“Staying up all night is my habit,” Kim was quoted as saying by the North’s Rodong Sinmun newspaper in a June 22 article about his lifestyle, South Korea’s Yonhap news agency reported on Sunday.
Kim, 65, also appears to make phone calls to officials during pre-dawn hours to give instructions. In one such pre-dawn phone call to a senior provincial official, the unidentified official asked Kim to take a rest, even if just a brief one.
“General, how could you stay up all night again?” the official said in the 4:20 a.m. call, cited by Rodong Sinmun, the official paper of North Korea’s ruling Workers’ Party. “For me, this is the prime time to work,” Kim allegedly replied.
Lee Young Kook, who served as one of Kim’s elite bodyguards for a decade before defecting to South Korea in 2000, told AP in response to the report that Kim usually stayed up overnight to sign documents about 20 days a month. Kim “dropped by his office after midnight and left there around 11:00 a.m.,” Lee said.

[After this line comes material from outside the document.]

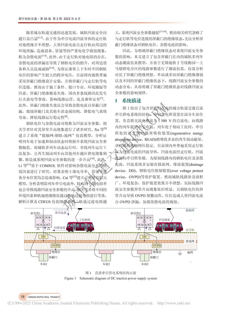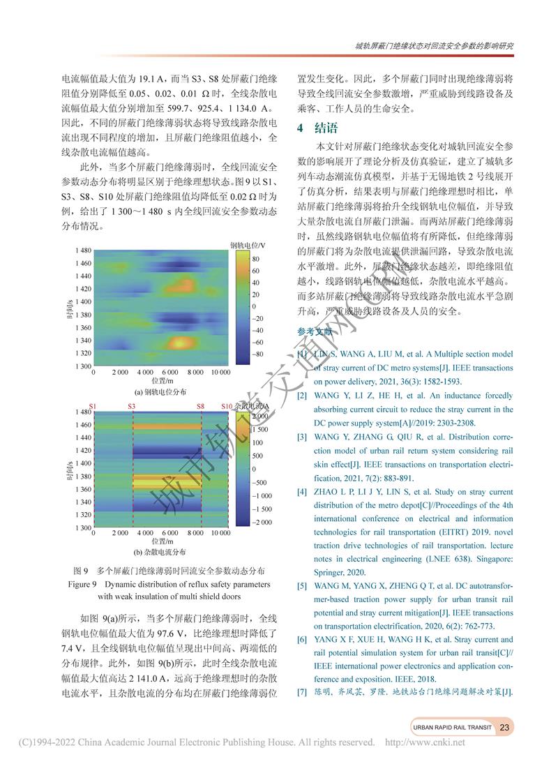 城轨屏蔽门绝缘状态对回流安全参数的影响研究
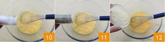 und fügen Sie das Salz 10, den Pfeffer 11 und den geriebenen Käse 12 hinzu.

Kim’s health has came under the media spotlight amid unconfirmed news reports that he received some kind of medical procedure involving his heart in May, performed by doctors flown in from Germany.
The German Heart Institute Berlin confirmed it sent a team of doctors to North Korea in May, but said they performed operations on five people not on Kim.
Adding to speculation regarding Kim’s health was a rare public appearance last week during a meeting with Chinese Foreign Minister Yang Jiechi in Pyongyang.
Though Kim looked well, he seemed a bit thinner and appeared to have less hair compared with footage of a public appearance in April, sparking speculation in South Korean media about his health. The South’s spy agency, the National Intelligence Service, said last month that Kim has long had heart disease and diabetes, but that there was no sign the chronic ailments.